EXERCISE —
Exact duplicates of the lines from the top of the data through the line containing "Tetris® Effect: un" are needed, with every picture left out.

Data items:
·····

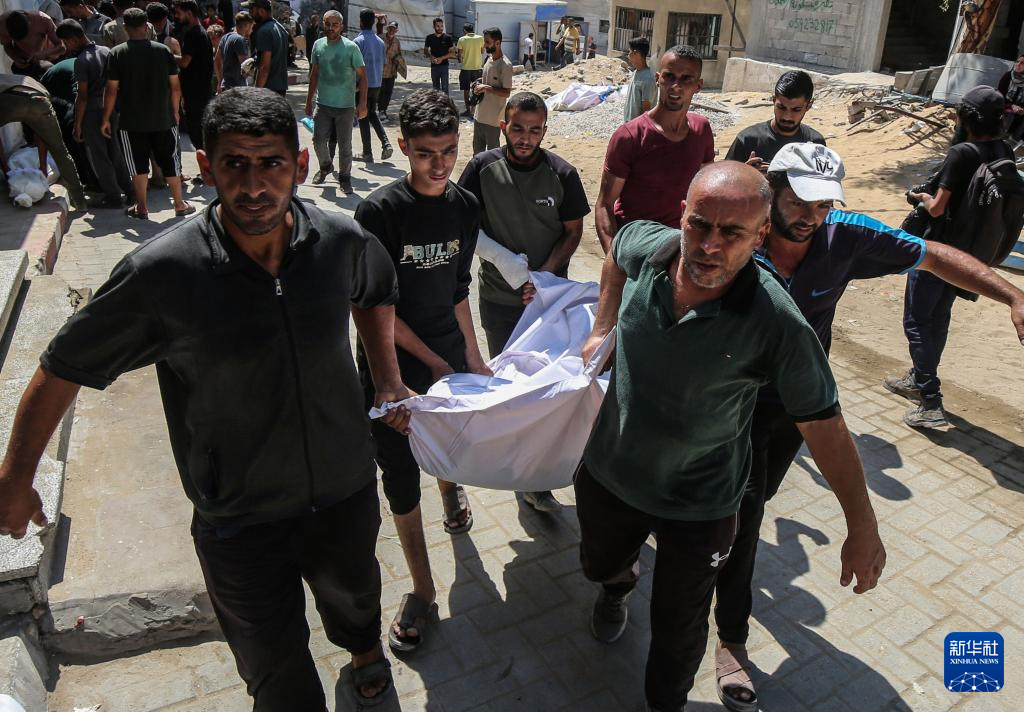8月30日,人们在加沙城一所医院搬运空袭遇难者遗体。
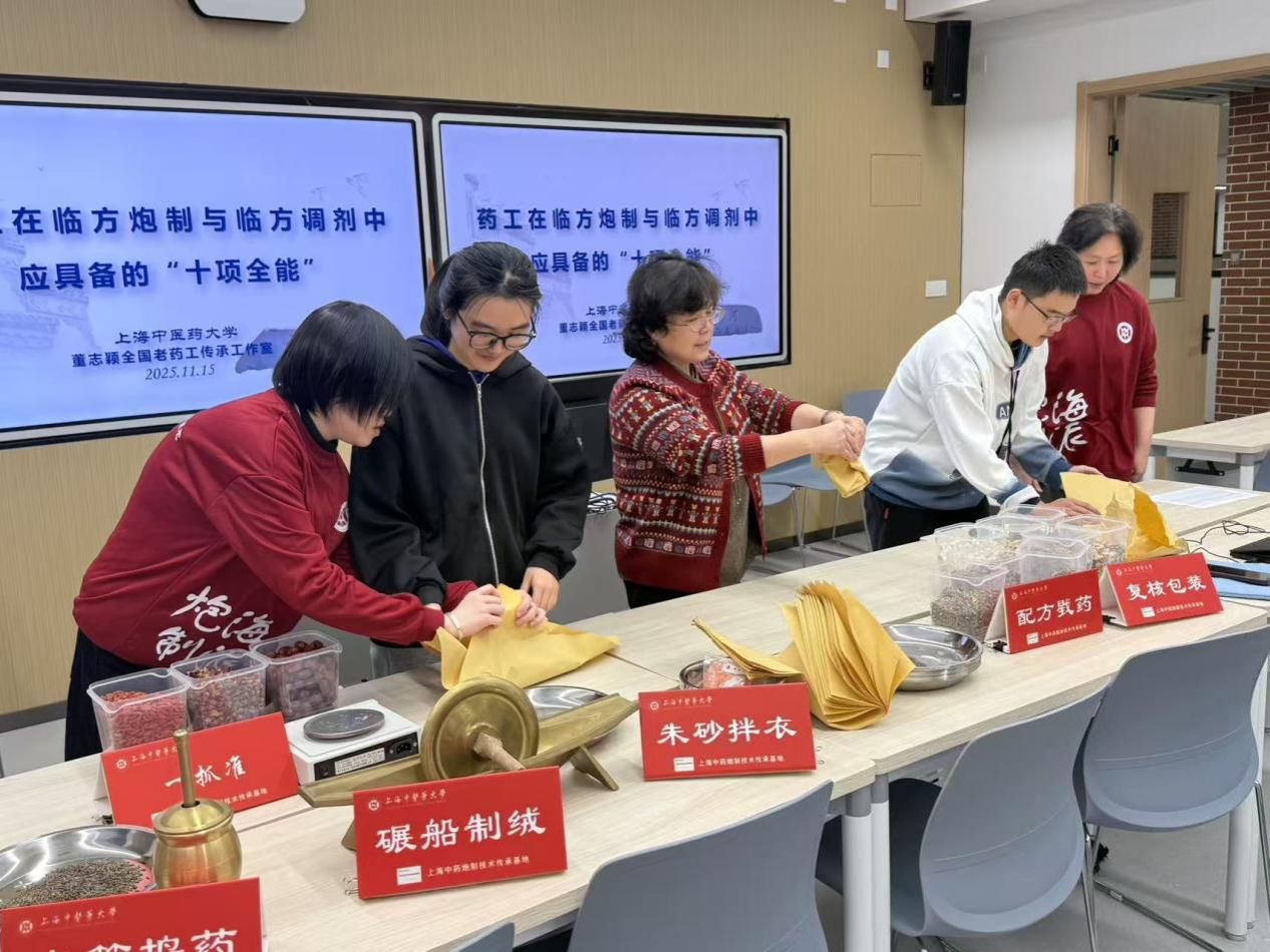 炮制和临方调剂技术在中医辨证施治用药体系中举足轻重、不可缺失。由基础医学院邱瑜教授团队领衔的药理学总论教学团队开设、临床医学研究院的谭红胜研究员主讲的《传统中药之现代应用》在11月18日晚间的课堂上,特邀上海工匠、上海中医药大学董志颖教授带领教学团队带来中药炮制及临方调剂的“信、达、雅”课程教学。
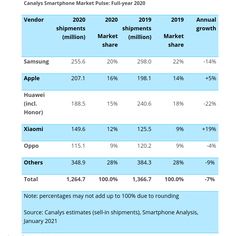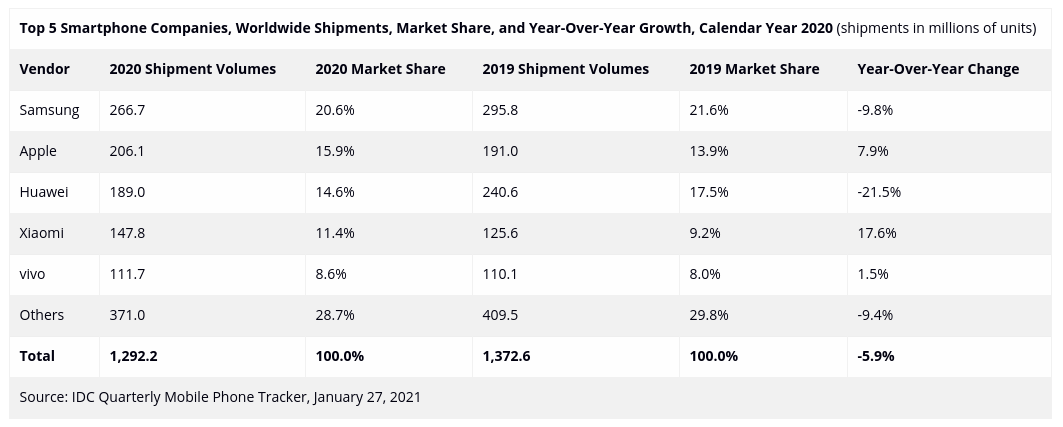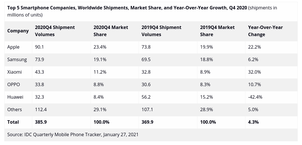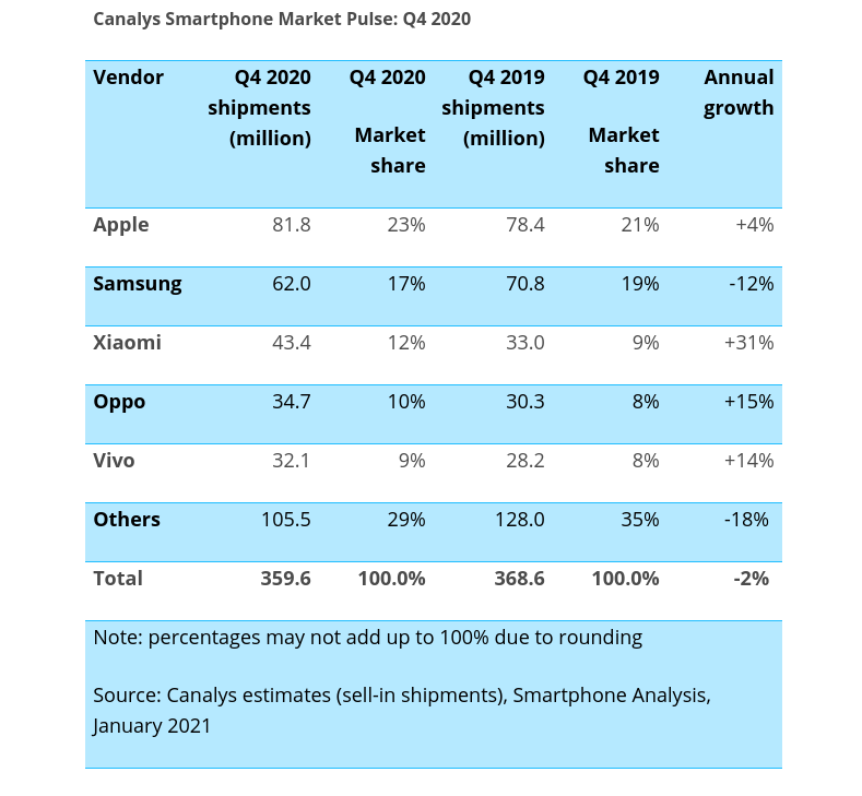Los datos del mercado global hechos públicos recientemente por Canalys e IDC, otorgan a Xiaomi una cuota de mercado durante el cuarto trimestre de 2020 del 12% y del 11,2%, respectivamente. Estos datos implican que la compañía es la que más crece a nivel mundial por volumen de envíos, ya que registró un crecimiento interanual de un 31%, según Canalys, y de un 32%, según IDC.
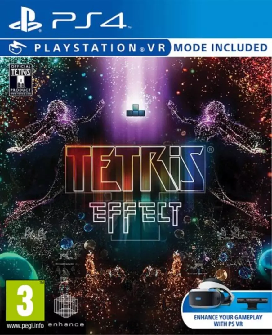 Tetris® Effect: un Tetris como nunca antes habías visto, basado en uno de los juegos de puzles más populares de todos los tiempos. Una experiencia única, adictiva e imponente del equipo tras el laureado Rez Infinite y el legendario juego de puzles Lumines. Puedes disfrutar de él tanto en el maravilloso 3D que ofrece PS VR como en una pantalla estándar (hasta 4K y 60fps en PS4™Pro).
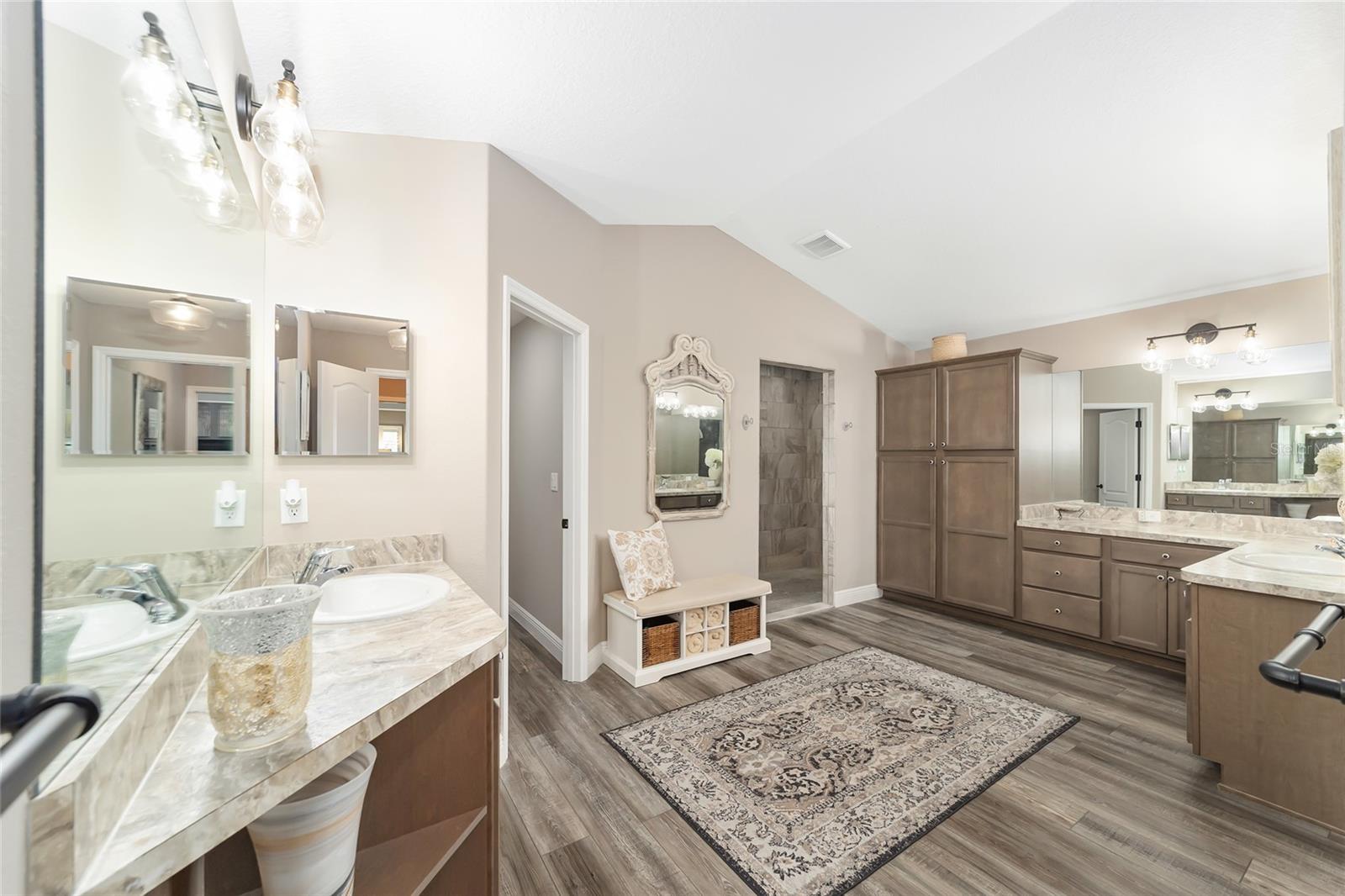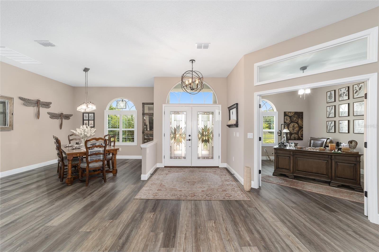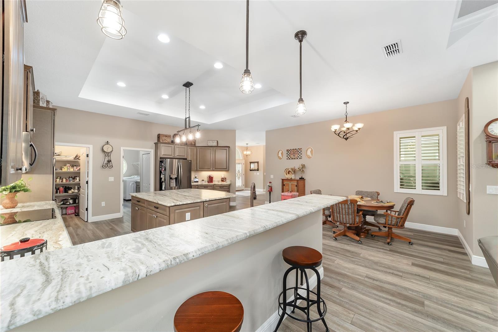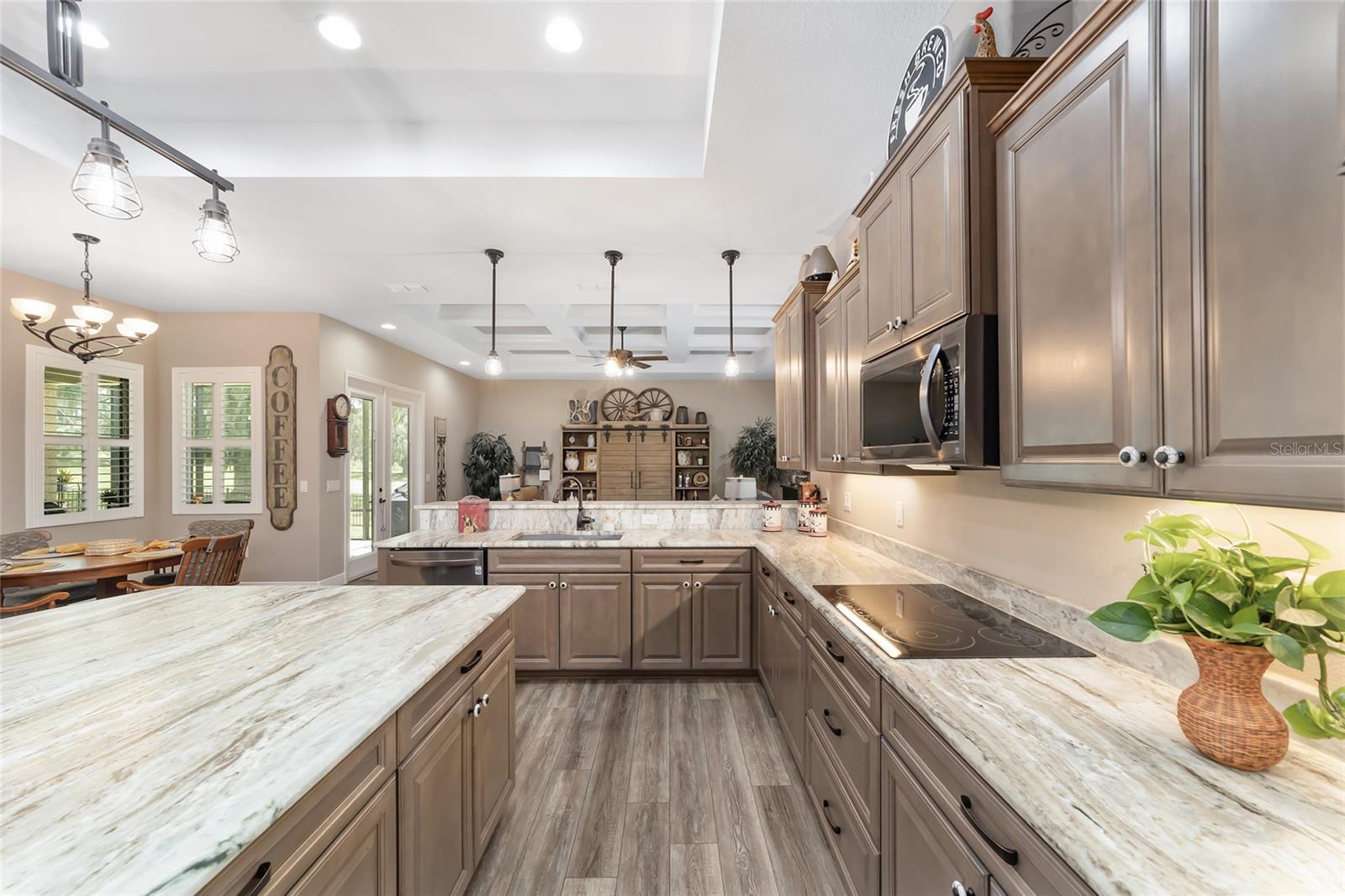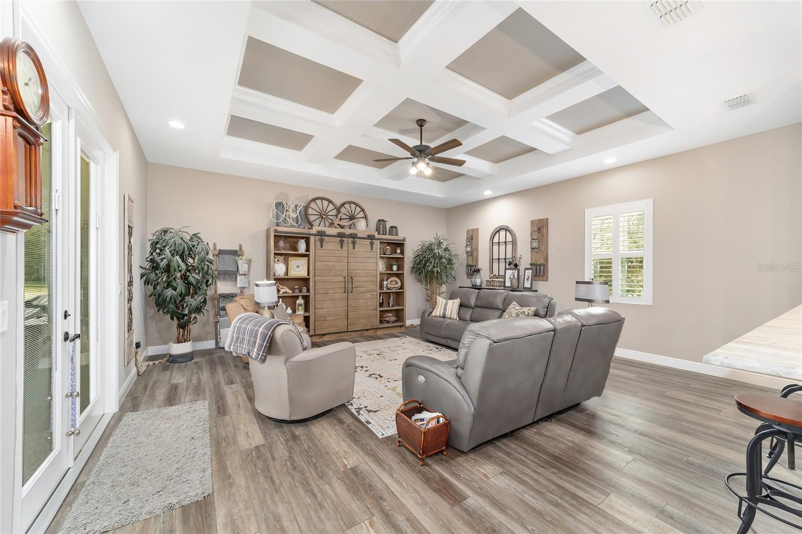 Esta deslumbrante casa em Golden Hills tem vista para o buraco 10 do campo de golfe e dispõe de 3 quartos, um escritório e 3 casas de banho, complementadas por uma espaçosa garagem para 3 carros. Entre pelas elegantes portas francesas de vidro em uma acolhedora sala de estar e área de jantar formal, onde um teto em caixotões e portas de vidro deslizantes levam à varanda. O escritório, completo com portas francesas e venezianas, oferece um espaço de trabalho luminoso e funcional. A planta dividida aumenta a privacidade, com uma porta de correr separando a suíte master das principais áreas de estar. O amplo quarto principal inclui uma área de estar aconchegante, tetos planos e acesso direto à varanda. O luxuoso banheiro principal possui uma penteadeira grande, um box amplo com chuveiros duplos e um banco generoso, além de um closet espaçoso equipado com prateleiras e uma ilha central. A cozinha apresenta lindos balcões de granito revestidos de couro, armários escalonados e fornos duplos embutidos, com uma enorme ilha e despensa para maior comodidade. Uma convidativa área de cozinha completa este paraíso culinário. Os quartos 2 e 3 oferecem amplo armazenamento, com o terceiro banheiro com banheira/chuveiro de azulejos e pia individual. A sala, situada ao lado da cozinha, possui teto em caixotões, portas de correr de vidro para a varanda e venezianas, realçando a elegância da casa. A grande varanda com tela é perfeita para entreter e aproveitar o sol da Flórida, com belas vistas do campo de golfe. As características adicionais incluem quintal cercado, calhas, sistema de filtragem de água e lavanderia equipada com armários e pia. Com uma garagem com impressionantes 25 pés de profundidade, esta casa oferece amplo espaço de armazenamento. Não perca a oportunidade de personalizar esta bela residência em Golden Hills!

·····

EXPECTED ANSWER —
8月30日,人们在加沙城一所医院搬运空袭遇难者遗体。
 炮制和临方调剂技术在中医辨证施治用药体系中举足轻重、不可缺失。由基础医学院邱瑜教授团队领衔的药理学总论教学团队开设、临床医学研究院的谭红胜研究员主讲的《传统中药之现代应用》在11月18日晚间的课堂上,特邀上海工匠、上海中医药大学董志颖教授带领教学团队带来中药炮制及临方调剂的“信、达、雅”课程教学。
Los datos del mercado global hechos públicos recientemente por Canalys e IDC, otorgan a Xiaomi una cuota de mercado durante el cuarto trimestre de 2020 del 12% y del 11,2%, respectivamente. Estos datos implican que la compañía es la que más crece a nivel mundial por volumen de envíos, ya que registró un crecimiento interanual de un 31%, según Canalys, y de un 32%, según IDC.
 Tetris® Effect: un Tetris como nunca antes habías visto, basado en uno de los juegos de puzles más populares de todos los tiempos. Una experiencia única, adictiva e imponente del equipo tras el laureado Rez Infinite y el legendario juego de puzles Lumines. Puedes disfrutar de él tanto en el maravilloso 3D que ofrece PS VR como en una pantalla estándar (hasta 4K y 60fps en PS4™Pro).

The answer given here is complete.